A space vehicle accelerates uniformly from 50m/s at t=0 to 182m/s at t=1 0.0s.
How far did it move between t=2.0s and t=6.0s?
a = change in velocity/change in time
= (182-50)/10
d = Vi t + .5 a t^2
doesn't help wtf
To find the distance the space vehicle moved between t = 2.0s and t = 6.0s, we need to first determine the acceleration of the vehicle. The given information tells us the initial velocity (u) and final velocity (v) at t = 0s and t = 10.0s, respectively.
Using the equation for uniformly accelerated motion:
v = u + at
where v is the final velocity, u is the initial velocity, a is the acceleration, and t is the time.

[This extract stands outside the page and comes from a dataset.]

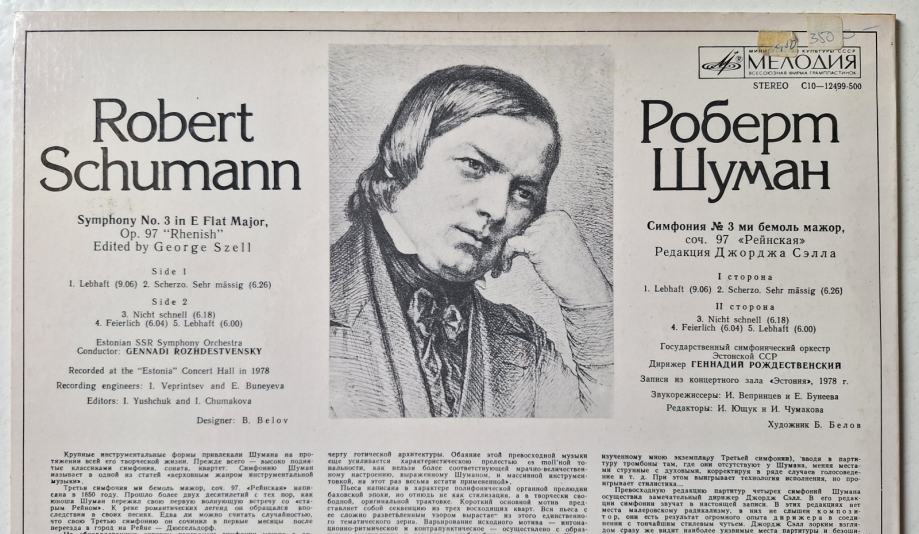 Prodam LP gramofonsko ploščo s posnetkom Simfonije št. 3 (Renska) v Es-duru, op. 97 Roberta Schumanna. Simfonijo izvaja simfonični orkester iz Estonije, pod vodstvom znamenitega (že pokojnega) ruskega dirigenta Genadija Nikolajeviča Roždestvenskega. Več podrobnosti o vsebini plošč je razvidnih na priloženih fotografijah. Plošča je brez napak, datira iz leta 1983 in je bila izdelana v tedanji Sovjetski zvezi. Cena za ploščo je 25 eur. Če želite dostavo po pošti se doda še 4 eur poštnine. Info 041 643 431. Prodam tudi še druga dela skladateljev iz obdobja klasicizma, romantike in baroka. Pokličite za podrobnosti.

Rearranging the equation, we can solve for the acceleration (a):
a = (v - u) / t
Substituting the values:
a = (182 m/s - 50 m/s) / (10.0 s - 0 s)
a = 13.2 m/s²
Now that we know the acceleration, we can find the distance traveled between t = 2.0s and t = 6.0s using the equation for distance in uniformly accelerated motion:
s = ut + 0.5at²
Since we are given only the initial velocity and not the initial time, we need to find the distance traveled between t = 2.0s and t = 6.0s as if the initial velocity were 0 m/s. Then we can subtract the distance traveled at t = 2.0s to find the final answer.
Finding the distance traveled from t = 0s to t = 6.0s:
s1 = 0.5at²
s1 = 0.5 * 13.2 m/s² * (6.0 s)²
s1 = 237.6 m
Finding the distance traveled from t = 0s to t = 2.0s:
s2 = 0.5at²
s2 = 0.5 * 13.2 m/s² * (2.0 s)²
s2 = 13.2 m
Finally, we can find the distance traveled between t = 2.0s and t = 6.0s by subtracting s2 from s1:
Distance traveled = s1 - s2
Distance traveled = 237.6 m - 13.2 m
Distance traveled = 224.4 m
Therefore, the space vehicle moved 224.4 meters between t = 2.0s and t = 6.0s.